Exercise 1

  1. Use the help function to explore what the series gold, woolyrnq and gas represent.
library(fpp2)
## Loading required package: ggplot2
## Loading required package: forecast
## Loading required package: fma
## Loading required package: expsmooth
help(gold)
help(woolyrnq)
help(gas)

Gold - Daily morning gold prices in US dollars for the period from 1 January 1985 to 31 March 1989.

Woolyrnq - Quarterly production of woollen yarn in Australia (tonnes) for the period from Mar 1965 to Sep 1994.

Gas - Australian monthly gas production for the period from 1956 to 1995.

  1. Use autoplot() to plot each of these in separate plots.
autoplot(gold) + ggtitle("Daily Morning Gold Prices In US Dollars (1 January 1985 – 31 March 1989)")

autoplot(woolyrnq) + ggtitle("Quarterly Production Of Woolen Yarn In Australia")

autoplot(gas) + ggtitle("Australian Monthly Gas Production: 1956 - 1995")

  1. What is the frequency of each series? Hint: apply the frequency() function.
frequency(gold)
## [1] 1
frequency(woolyrnq)
## [1] 4
frequency(gas)
## [1] 12

The “frequency” is the number of observations before the seasonal pattern repeats.

The frequency of gold series is 1 (annual)

The frequency of woolyrnq is 4 (quaterly)

The frequency of gas is 12 (monthly)

  1. Use which.max() to spot the outlier in the gold series. Which observation was it?
which.max(gold)
## [1] 770

Observation number 770 has an outlier in Gold series.

Exercise 2

  1. Download some monthly Australian retail data from the book website. These represent retail sales in various categories for different Australian states, and are stored in a MS-Excel file.
  1. You can read the data into R with the following script:
retaildata <- readxl::read_excel("retail.xlsx", skip=1)

The second argument (skip=1) is required because the Excel sheet has two header rows.

  1. Select one of the time series as follows (but replace the column name with your own chosen column):
#  Turnover ;  New South Wales ;  Supermarket and grocery stores
myts <- ts(retaildata[,"A3349335T"],
frequency=12, start=c(1982,4))

Turnover of supermarket and grocery stores in New South Wales (column “A3349335T”“) was selected for further analysis.

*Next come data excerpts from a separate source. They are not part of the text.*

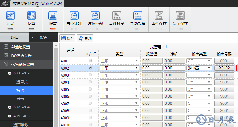 • 運算通道A002選擇ON,運算表達式設(shè)置為:Val(A1)>=600?-1:1;范圍下限-2.00,范圍上限2.00;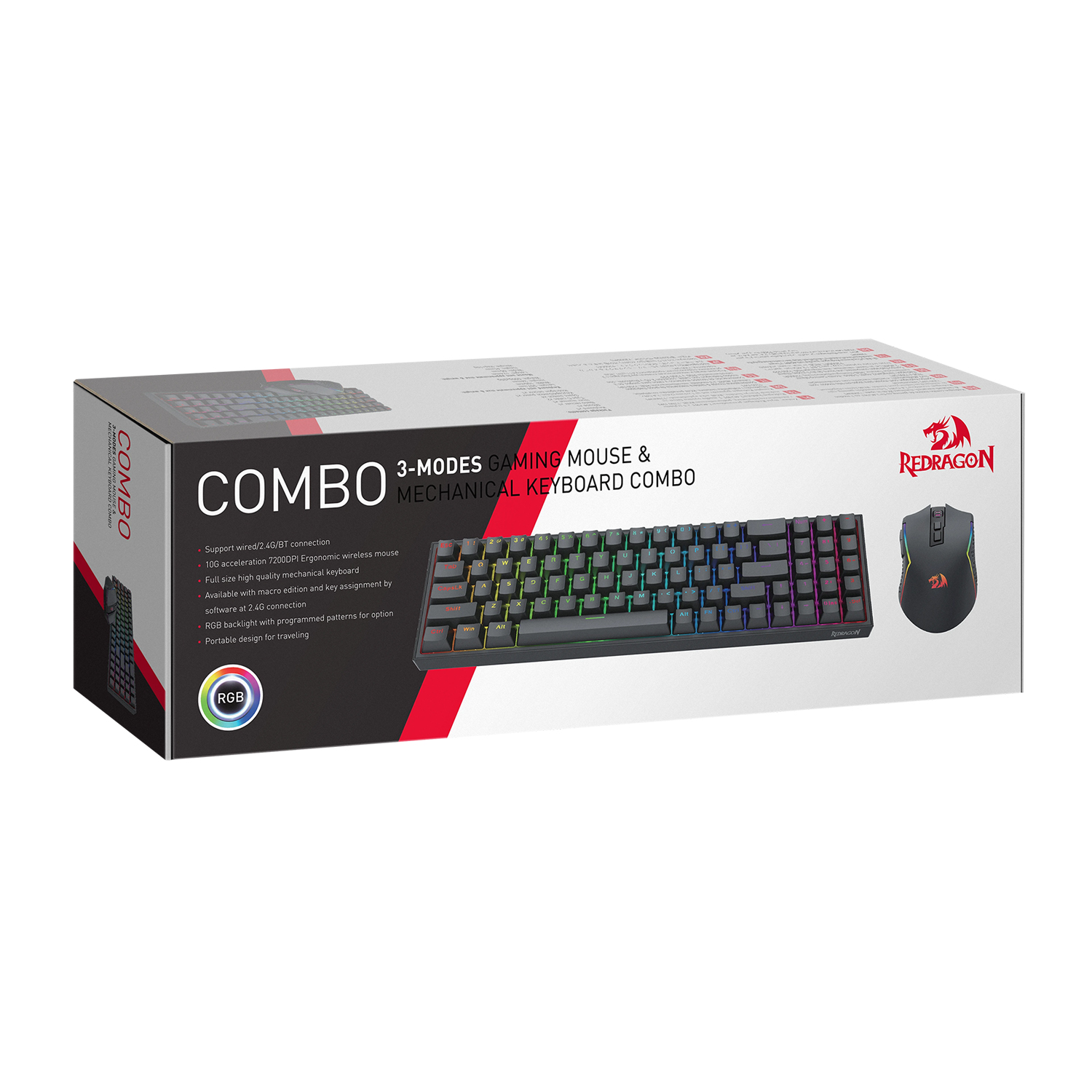 KeyBoard + mouse, USB,Redragon S136, BT/2.4G, Black (72158)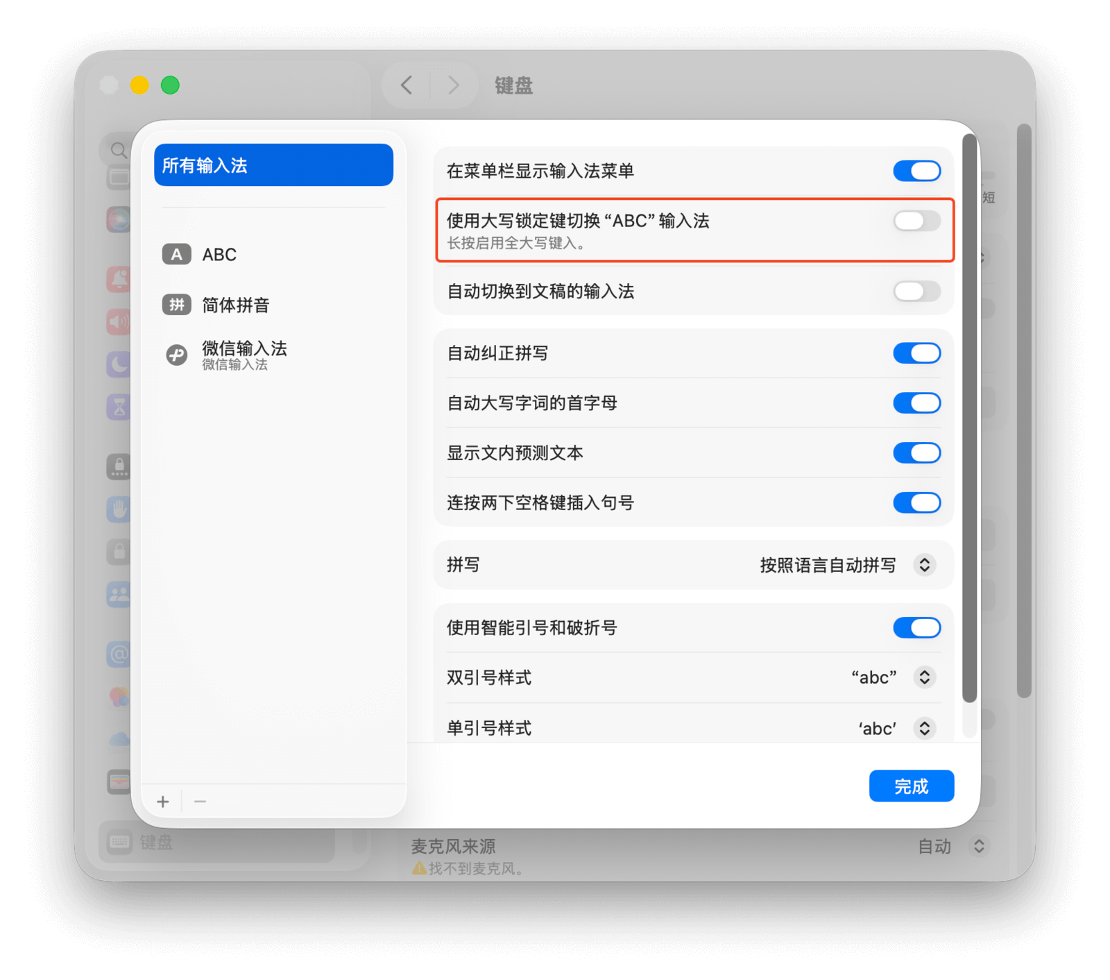 在「系统设置 > 键盘 > 输入法」中,建议勾选「使用“大写锁定”键切换“ABC”输入模式」。启用后,在中文输入状态下,按一下大写锁定键即可切换到英文输入(小写);再按一下则切回中文。若要输入大写英文,可以在英文模式下按住 Shift 键,或长按大写锁定键开启大写锁定。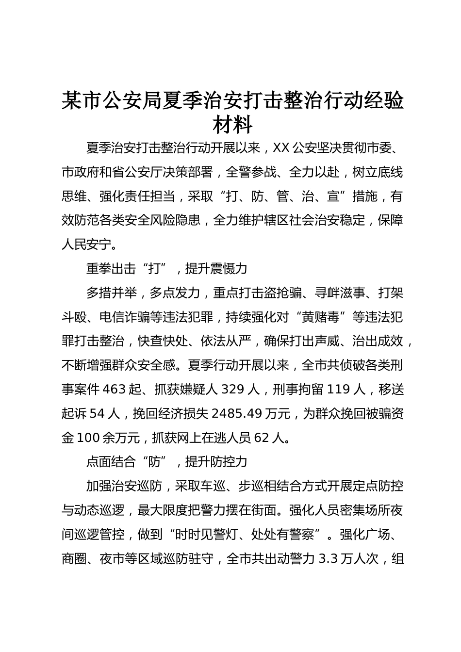 某市公安局夏季治安打擊整治行動經(jīng)驗材料VIP免費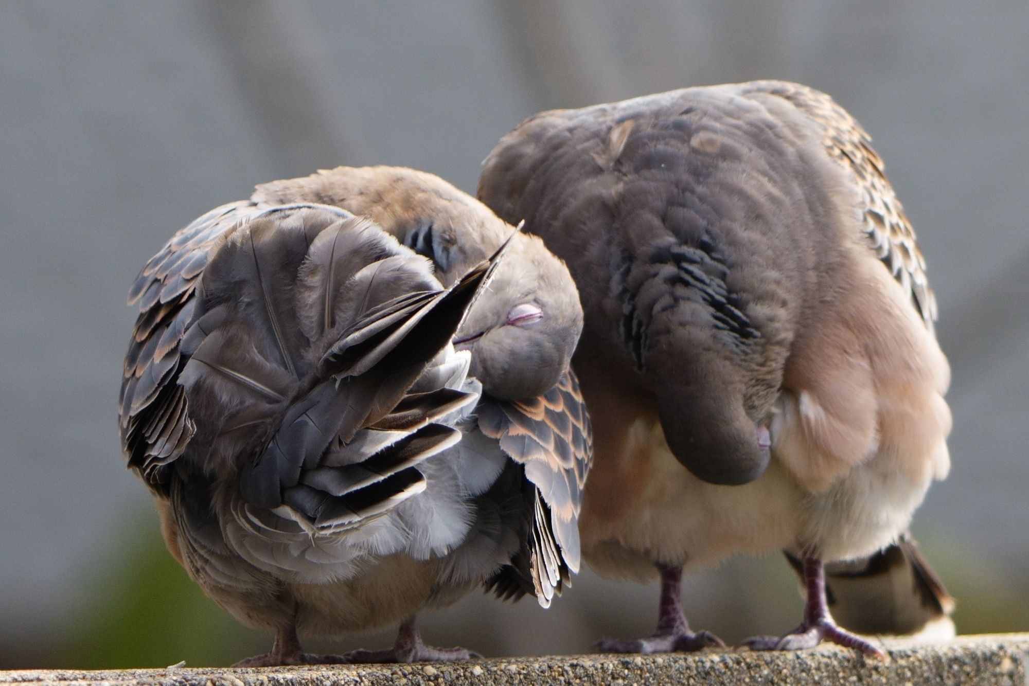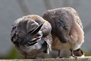 庭に遊びに来るキジバト 毛作りをしています。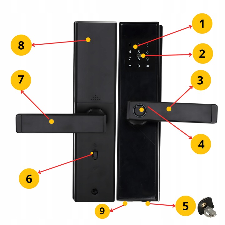 - Замок є універсальним і безпечним рішенням для вашого дому чи офісу. За допомогою п’яти різних методів розблокування, включаючи відбиток пальця, пароль і , цей дверний замок гарантує, що лише авторизовані люди зможуть отримати доступ. І більше не турбуйтеся про втрату ключів.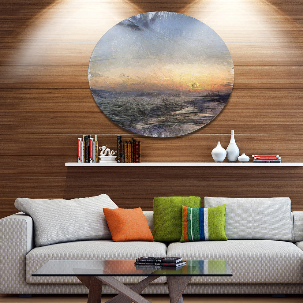 Bring Contemporary Abstraction to your home with this large Circle Metal wall art. This Colorful Dawn over Sea Watercolor Metal Artwork makes it the focal point of any room or office.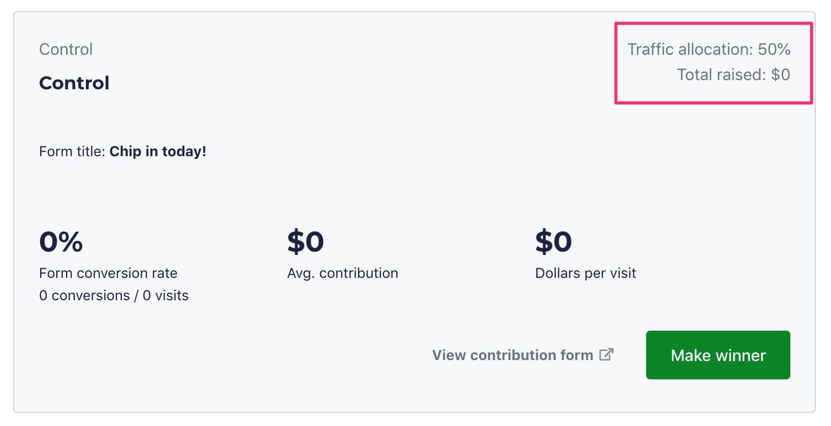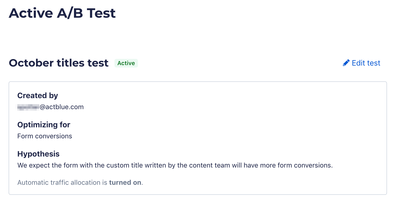 Underneath these two fields, the “Automatic traffic allocation” option will automatically be selected (pictured above). This feature, also known as a multi-armed bandit algorithm, directs more traffic to the version of your form that is performing best. Depending on what you optimize for, you won’t lose out on potential contributions and can still run a sound test. We highly recommend keeping this feature on to run tests and raise funds simultaneously. You can learn more about the multi-armed bandit on our blog .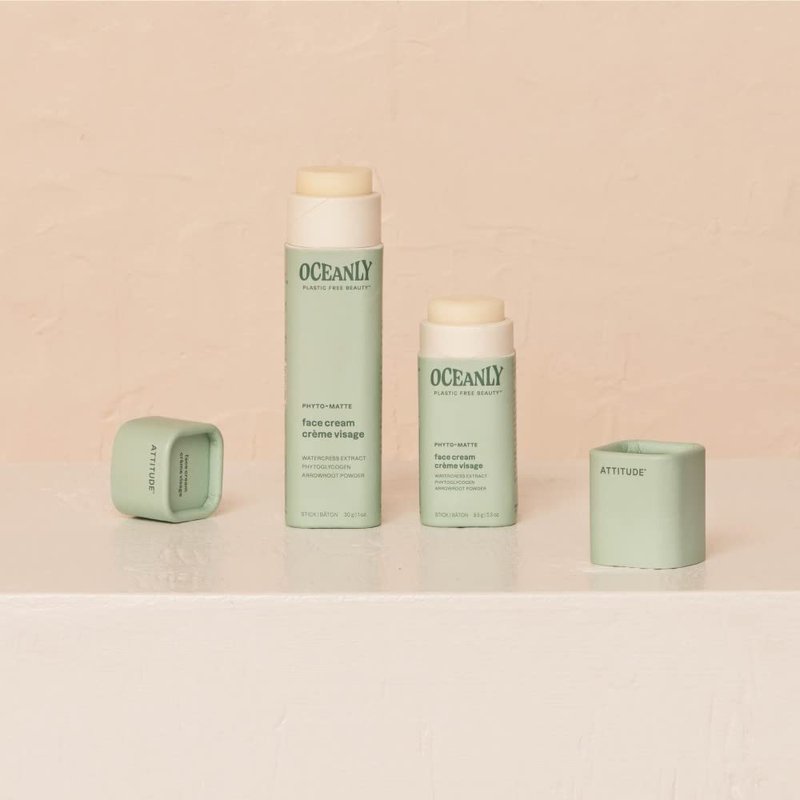 ATTITUDE Oceanly Face Cream Bar, EWG Verified, Plastic-free, Plant and Mineral-Based Ingredients, Vegan and Cruelty-free Beauty Products, PHYTO MATTE, Unscented, 0.3 Ounce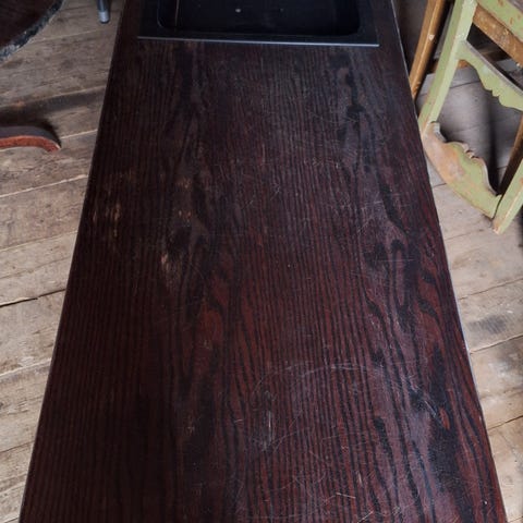 Pöytä/kukkapöytä.Akaasiapuuta. Korkeus 77 cm ja syvyys ja leveys 30 cm. Tarvittaessa kulkeutuu Ouluun.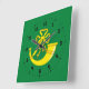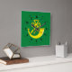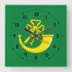 Wall Clock with design with a flag of historic county of Huntingdon, in England, Great Britain; green flag with a gold ribboned hunting horn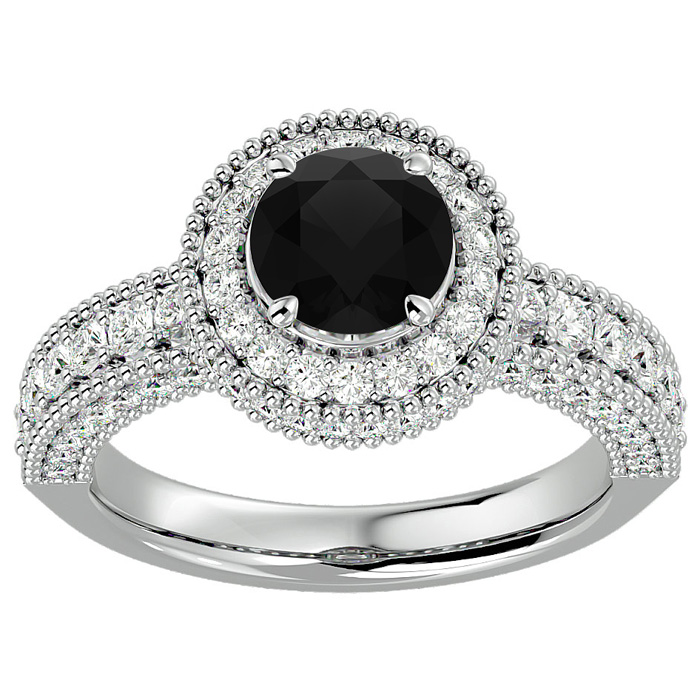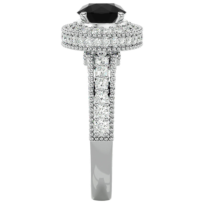 This fabulous moissanite engagement ring features a sparkling 1 carat center black moissanite in VVS1-VVS2 clarity. It is surrounded by a halo of 153 side moissanites totaling 1 1/2 carats. Total carat weight is 2 1/2 carats. This ring is in 14 karat white gold.

  1. Explore your chosen retail time series using the following functions:

autoplot(), ggseasonplot(), ggsubseriesplot(), gglagplot(), ggAcf()

Can you spot any seasonality, cyclicity and trend? What do you learn about the series?

autoplot(myts) + ggtitle("Turnover Of Supermarket And Grocery Stores In New South Wales")

ggseasonplot(myts) + ggtitle("Turnover Of Supermarket And Grocery Stores In New South Wales")

ggsubseriesplot(myts) + ggtitle("Turnover Of Supermarket And Grocery Stores In New South Wales")

gglagplot(myts) + ggtitle("Turnover Of Supermarket And Grocery Stores In New South Wales")

ggAcf(myts, lag = 48) + ggtitle("Turnover Of Supermarket And Grocery Stores In New South Wales")

Turnover of supermarket and grocery stores shows a strong increasing trend. There is no evidence of any cyclic behaviour here, though perhaps the data only demonstrates a portion of the cycling.

It is clear that there is a large jump in sales in December each year which is possibly due to Christmas and New Year holidays. February and June shows the lowest turnover during the year.

The data have a trend, so the autocorrelations for small lags tend to be large and positive because observations nearby in time are also nearby in size. So the ACF of trended time series has positive values that slowly decrease as the lags increase. There is no seasonality in the data.

Overall turnover increasing over the years.